Task brief:
Pictures excluded, return the lines below from the first through the line holding "Red Cotton Regular Fit Logo Printed T-Shirt".

** Opening Given information block **

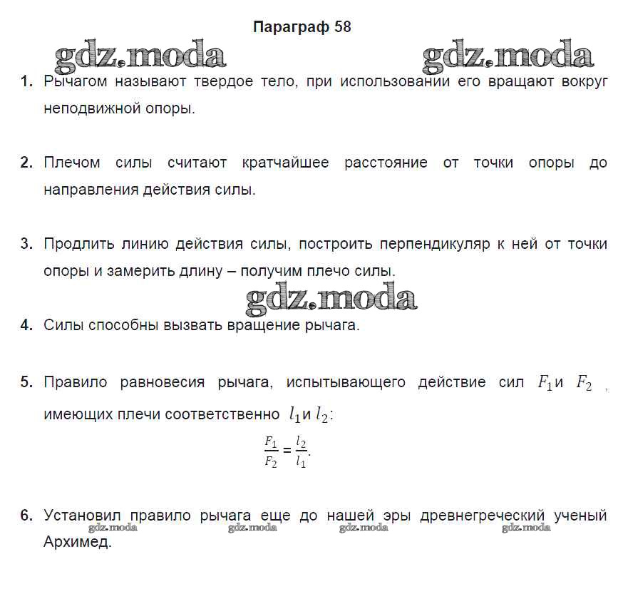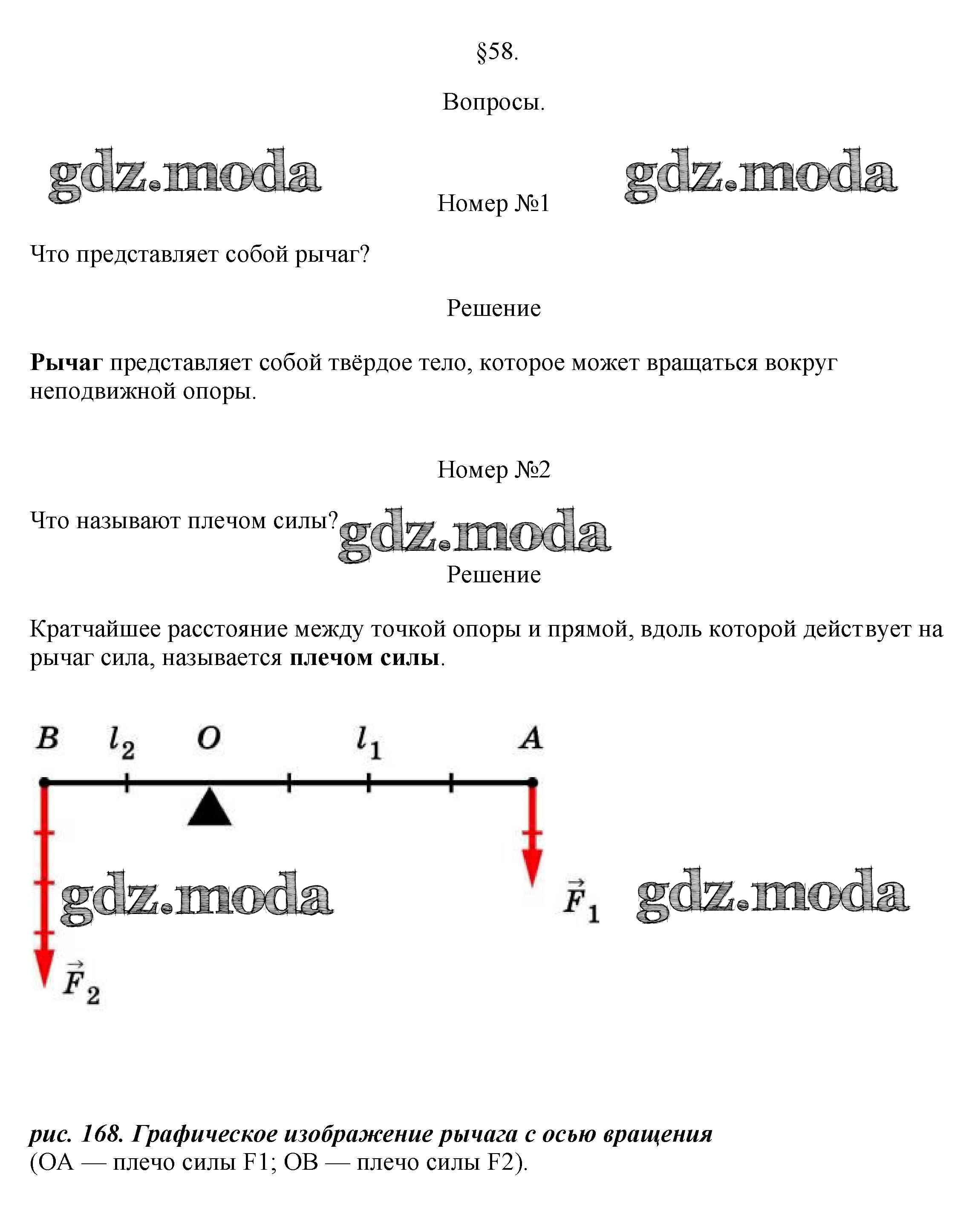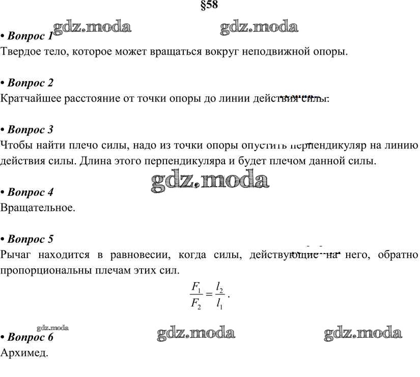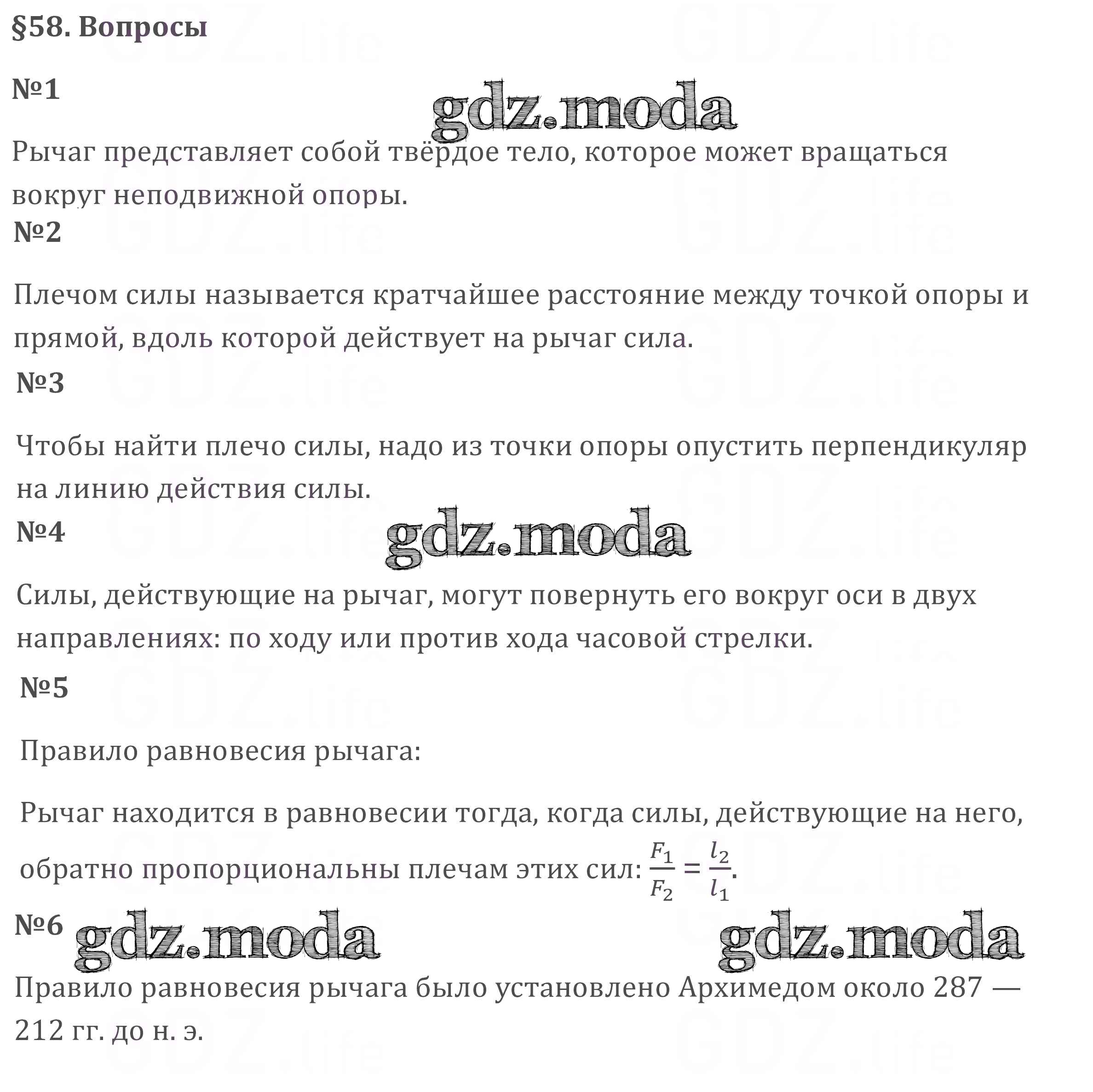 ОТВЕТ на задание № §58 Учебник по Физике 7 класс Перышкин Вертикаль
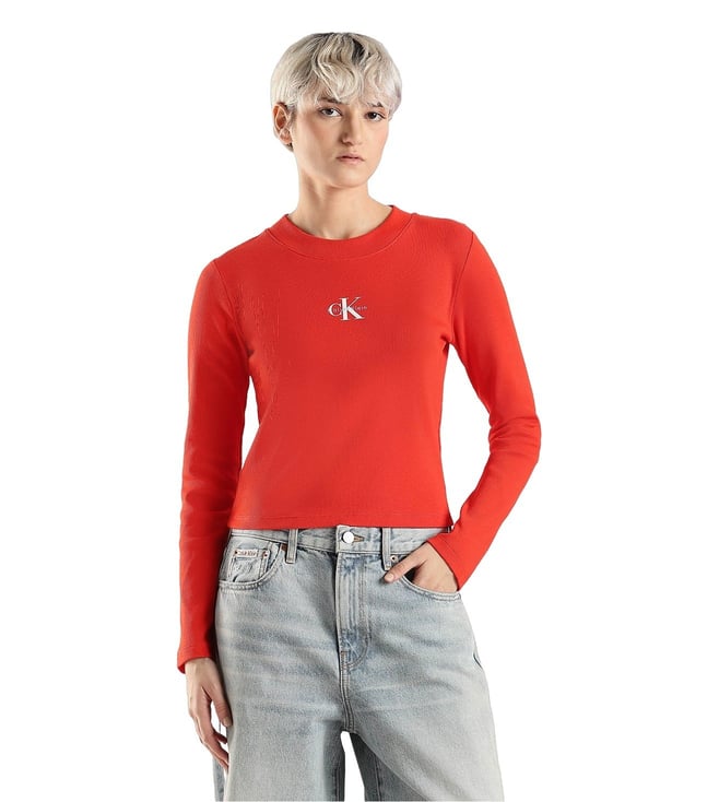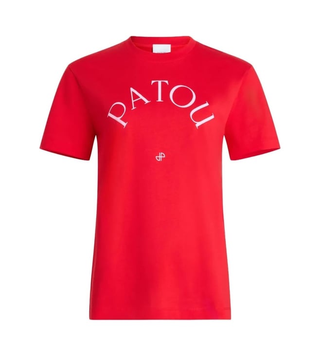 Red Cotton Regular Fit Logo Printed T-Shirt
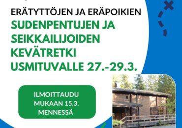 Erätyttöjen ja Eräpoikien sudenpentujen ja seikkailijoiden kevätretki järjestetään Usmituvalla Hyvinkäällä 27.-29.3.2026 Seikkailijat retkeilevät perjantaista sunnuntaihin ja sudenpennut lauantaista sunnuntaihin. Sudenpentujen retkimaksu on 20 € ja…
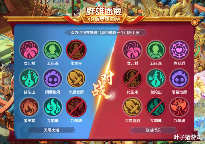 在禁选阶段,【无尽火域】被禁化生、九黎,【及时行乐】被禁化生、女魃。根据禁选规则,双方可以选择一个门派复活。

** Closing Given information block **

Task answer:
 ОТВЕТ на задание № §58 Учебник по Физике 7 класс Перышкин Вертикаль
 Red Cotton Regular Fit Logo Printed T-Shirt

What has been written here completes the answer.